Institutions React to the Leahy-Smith America Invents Act

Following passage of the patent reform bill, the debate continues regarding the impact that this will have on technology transfer at US academic and other non-profit institutions.  A significant part of that discussion concerns the transition from a “first to invent” to “first to file” rule when determining entitlement.

Proponents of the change point out that institutions around the world already operate under a “first to file” rule, and that adoption within the US should reduce ambiguity with respect to establishment of prior art.  The expectation is that increased confidence in patent entitlement would allow institutions to exercise their rights uniformly on a global basis, encouraging more robust licensing arrangements or venture capital for startup companies.

Other institutions are concerned that the “first to file” rule would accelerate their current schedule for patent application, where many had relied on the opportunity to develop technology without public disclosure, yielding a patent with the strongest claims and the most viable commercial relevance.  Larger institutions, with more extensive portfolios and less volatile revenue streams, would be better positioned to file earlier, having both the resources to actually file the application as well as the finances to absorb the upfront cost of filing a larger number of patents that individually may have a lower commercial value.

An interesting point, which makes it difficult to predict the impact of “first to file” in the US despite the experience of other institutions around the world, is the fact that public disclosure is still not considered prior art when evaluating an application for US patent as long as disclosure is by the named inventor, and within 1 year of application.  In contrast, any public disclosure under the European Patent Convention is considered prior art and therefore an immediate bar to application.

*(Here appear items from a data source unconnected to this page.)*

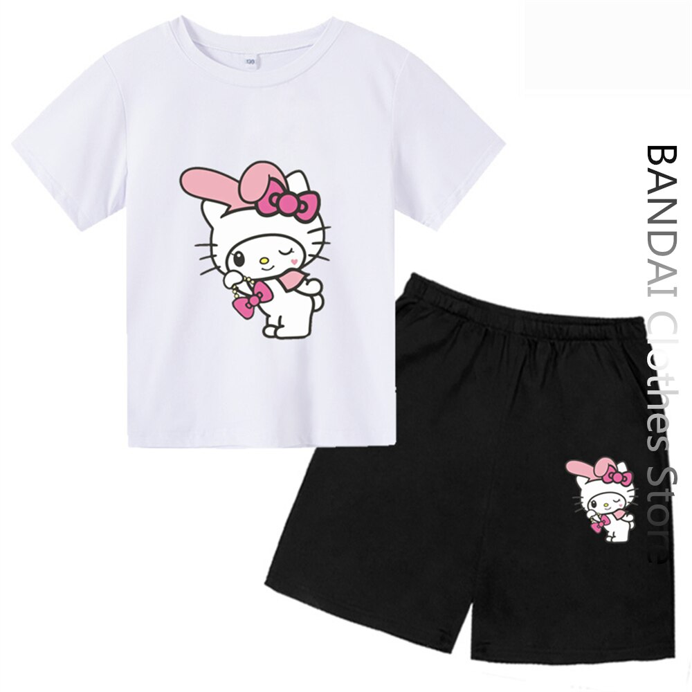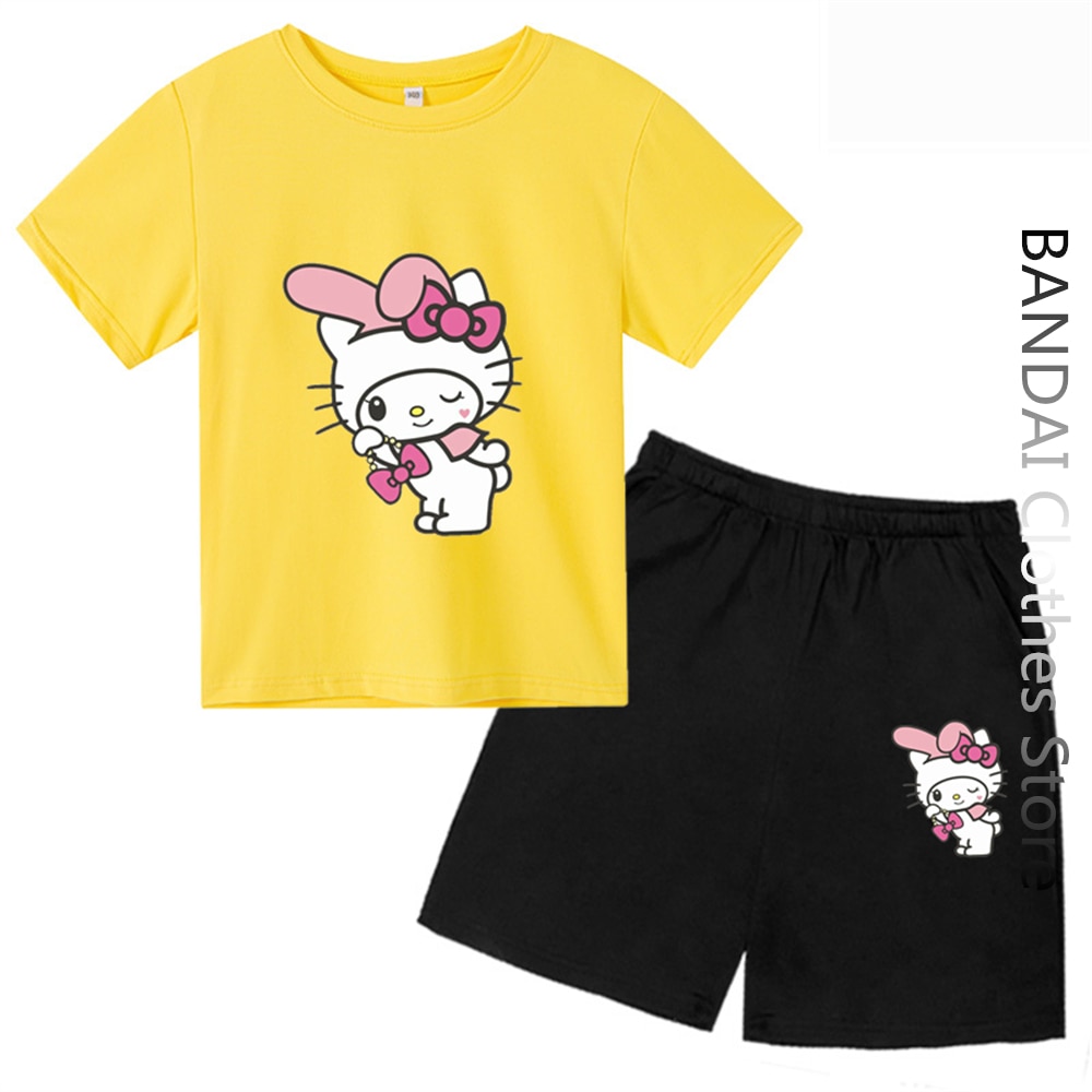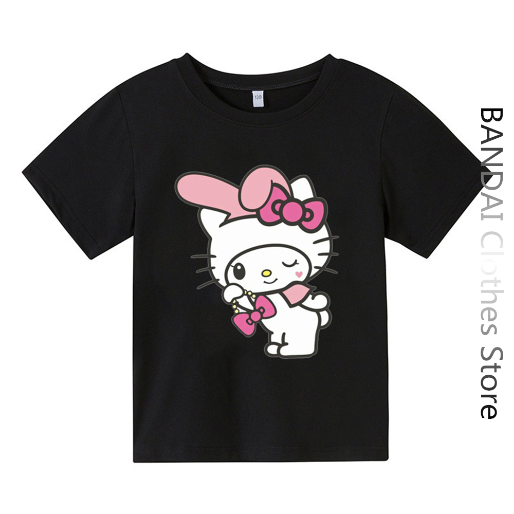 Детская футболка Sanrio с надписью «My Melody», летняя Женская Повседневная футболка с рисунком Hello Kitty и короткими рукавами, одежда для маленьких мальчиков и девочек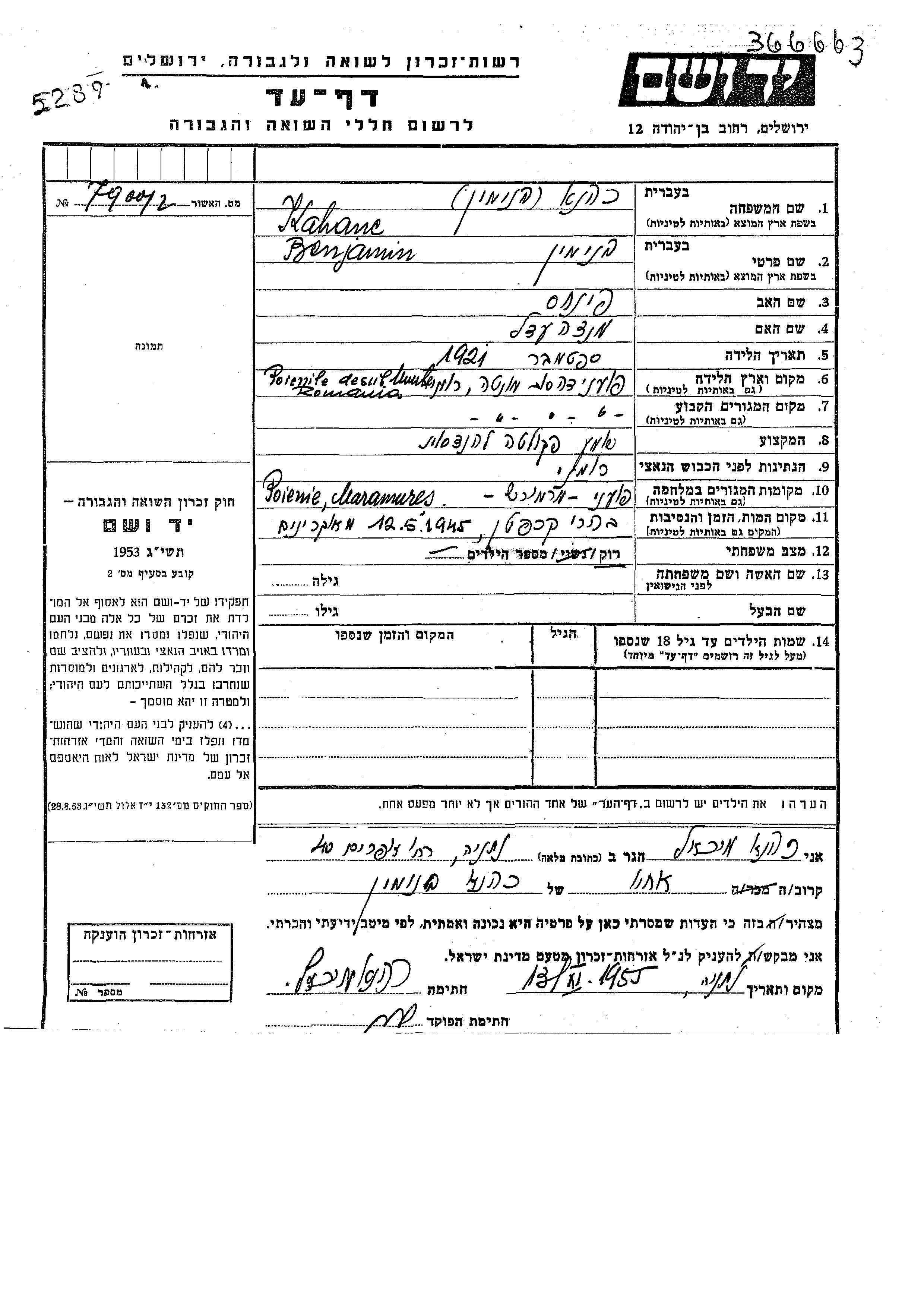 | Kahane | Benjamin | 1921 | Poienile de sub Munte, Romania | Page of Testimony |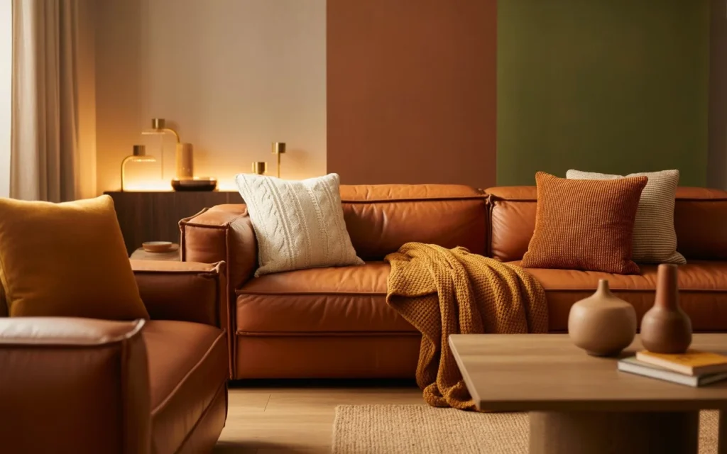 Opt for small touches like leather cushions, ottomans, or straps. This keeps the look balanced while adding a subtle luxurious feel.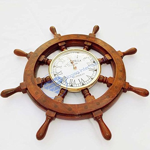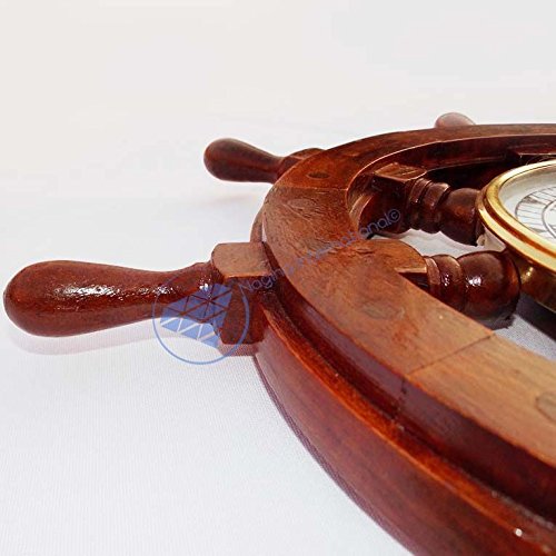 Exclusive -16″ Nautical Ship Wheel With 8 Spokes and 6″ Quartz Clock! Lovely home decor product. It’s the replica of the steering Wheel of Ships and Boats!. It adds a phenomenal nautical accent to your home!. Built With High Quality Solid Sheesham Wood which has been treated and Seasoned to resist the worst of the condition.! Please note this product is for decor purpose handiest!. No Practical uses can be implied on it. Exclusively sold and manufactured by Nagina International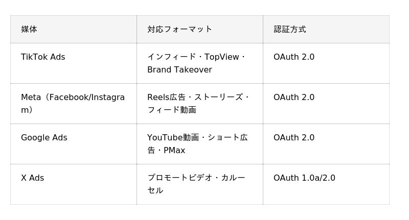 TikTok/Meta/Google/X Adsとの直接API接続。クリエイティブ入稿・キャンペーン管理・レポート取得を一元化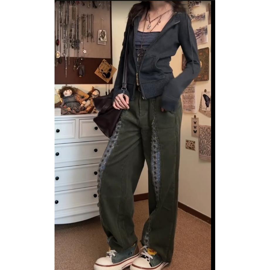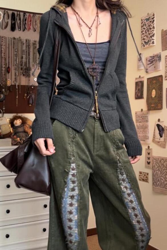 Correct Version】Original Retro Patchwork Zipper Hoodie Short Slim-Fit Knitted Sweater Stand-Up Collar Cardigan Jacket for Women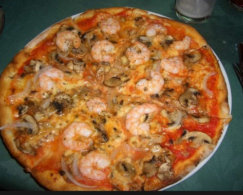 جمبري، حبار، سرطان البحر، موزاريلا، صلصة البيتزا والفلفل الملون.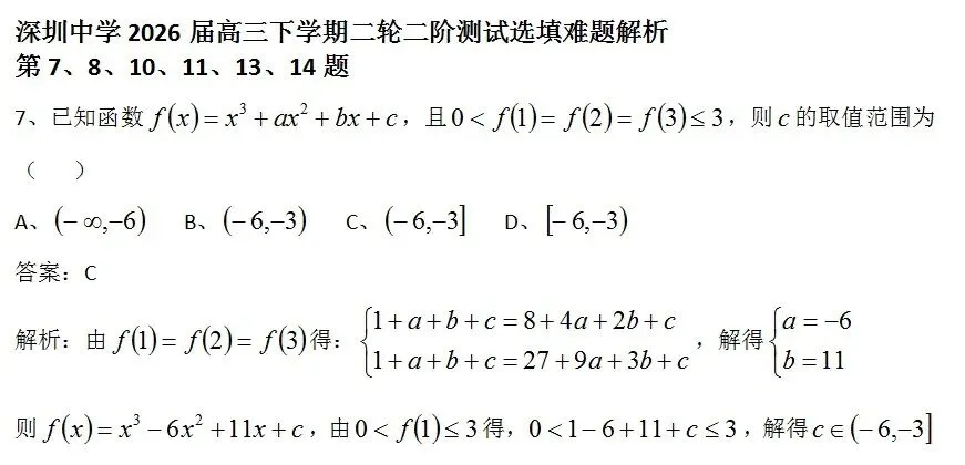2026年成都二诊难题详细解析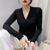Sexy Cross V-neck T-shirt for Women In Women's Long-sleeved Autumn Fashionable Design Pleated Top Temperament Waist-hugging Slimming Base Shirt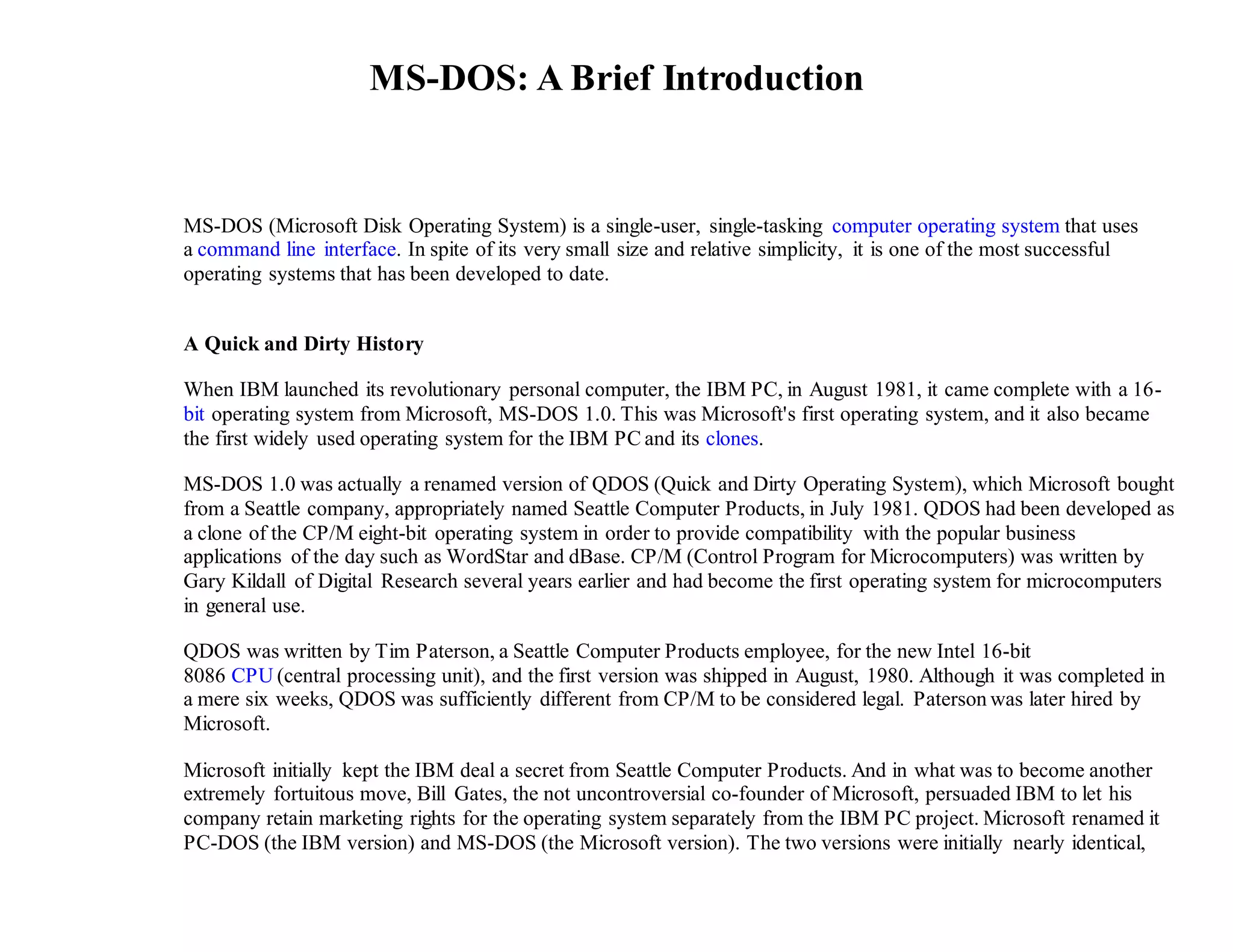 MS-DOS was one of the most successful operating systems and was the first widely used operating system for IBM PCs and clones. It originated as QDOS, an operating system written in six weeks for the Intel 8086 CPU. Microsoft acquired QDOS and renamed it MS-DOS, which it licensed to IBM for use on the original IBM PC. MS-DOS went on to fuel Microsoft's growth as the dominant software company. While feature-limited compared to UNIX, MS-DOS remained popular for years until the rise of graphical user interfaces led to its replacement by Windows 95.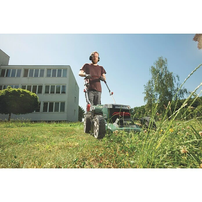 Der leise Akku-Rasenmäher zum effizienten Mähen, Sammeln und Mulchen von Grundstücken bis 800 m². Das Mähgut wird optional hinten ausgeworfen, im flexiblen Fangsack gesammelt oder sofort gemulcht. Der starke Brushless-Motor garantiert hohe Schnittperformance und lange Laufzeit pro Akkuladung. Die automatische Anpassung der Motorleistung je nach Grashöhe sorgt für maximale Akku-Laufzeiten. Die einfach bedienbare Schnitthöheneinstellung kann zentral in 7 Stufen eingestellt werden. Die Leichtlaufräder und der höhenverstellbare Schiebebügel mit gummiertem Griffbereich vereinfachen das Lenken und Spurhalten. Robust und langlebig dank Metalldeck und hochwertigem Sichelmesser. Doppelter Schutz vor unbeabsichtigtem Starten durch Sicherheitsschlüssel und Sicherheitsschalter. Einfacher Transport und platzsparende Lagerung durch Tragegriffe und zweifach klappbaren Bügel. Gut sichtbare Kapazitätsanzeige zur Kontrolle des Akku-Ladezustandes. Umweltfreundlich und leise durch Akkubetrieb, dadurch auch in lärmsensiblen Bereichen einsetzbar. 100% Kompatibilität zur 18-Volt-Klasse: kraftvoller 36-Volt-Betrieb mit zwei 18-Volt-Akkupacks von Metabo. Kombinierbar mit allen 18V-Akkupacks und Ladegeräten der CAS Marken: www.cordless-alliance-system.com.
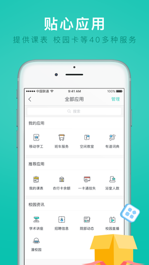 【功能丰富实用】 多种实用校内应用,涵盖学工应用、教务信息、生活服务、学习工具等方面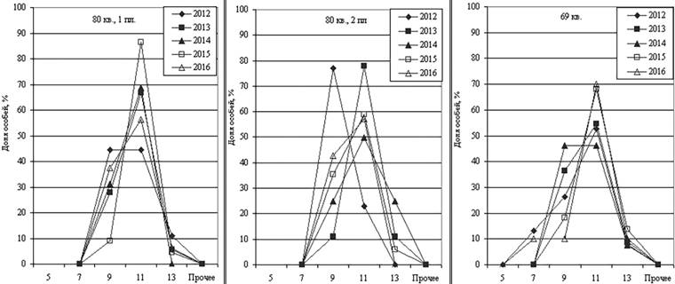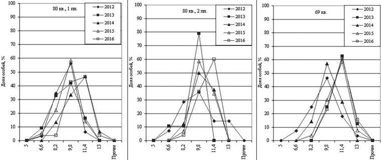 У растений в популяционной группе первой учетной площади квартала 80 в 2012–2016 гг. наблюдалось одновершинное распределение показателя, в 2012, 2015 и 2016 гг. преобладающую долю выборки составили особи с шириной плода около 9,00–10,00 мм, в 2013–2014 гг. – с шириной плода 11,00–12,00 мм. У растений популяционной группы второй учетной площади в 2014–2016 гг. наблюдалось одновершинное распределение показателя ширины плода, в 2014 и 2015 гг. преобладали растения с шириной плода 9,00–10,00 мм, в 2016 г. – с шириной плода 11,00–12,00 мм. В 2013 г. около 35% выборки составили особи с шириной коробочки около 9,80 мм, ок. 15% – с шириной коробочки 11,00–13,00 мм. В 2013 г. явно преобладали растения с шириной плода 9,00–10,00 мм (ок. 80%), около 10% составили особи с шириной плода 6,60–8,20 мм.

Until a case history is developed, either argument is speculative, and that uncertainty is itself perhaps the greatest short term impact in US academic and other non-profit institutions.  As institutions evaluate their workflow over the next several months in anticipation of the new rule, there are a couple of things to consider:

  • The transition to a “first to file” rule does not necessarily accelerate the patent application process across the board.  The decision to file will depend significantly on the field of research, where technologies in highly competitive and emerging fields will likely face greater pressure, at an earlier stage.
  • Each institution needs to evaluate not only the potential of these technologies, but their financial position and relationship with their researchers.  As noted in previous comments, the mandate for each office is not necessarily the same, therefore the reaction to these changes will not necessarily be the same either.

Fortunately, the “first to file” rule does not go into effect for 18 months, which gives institutions opportunity to consider changes before implementation.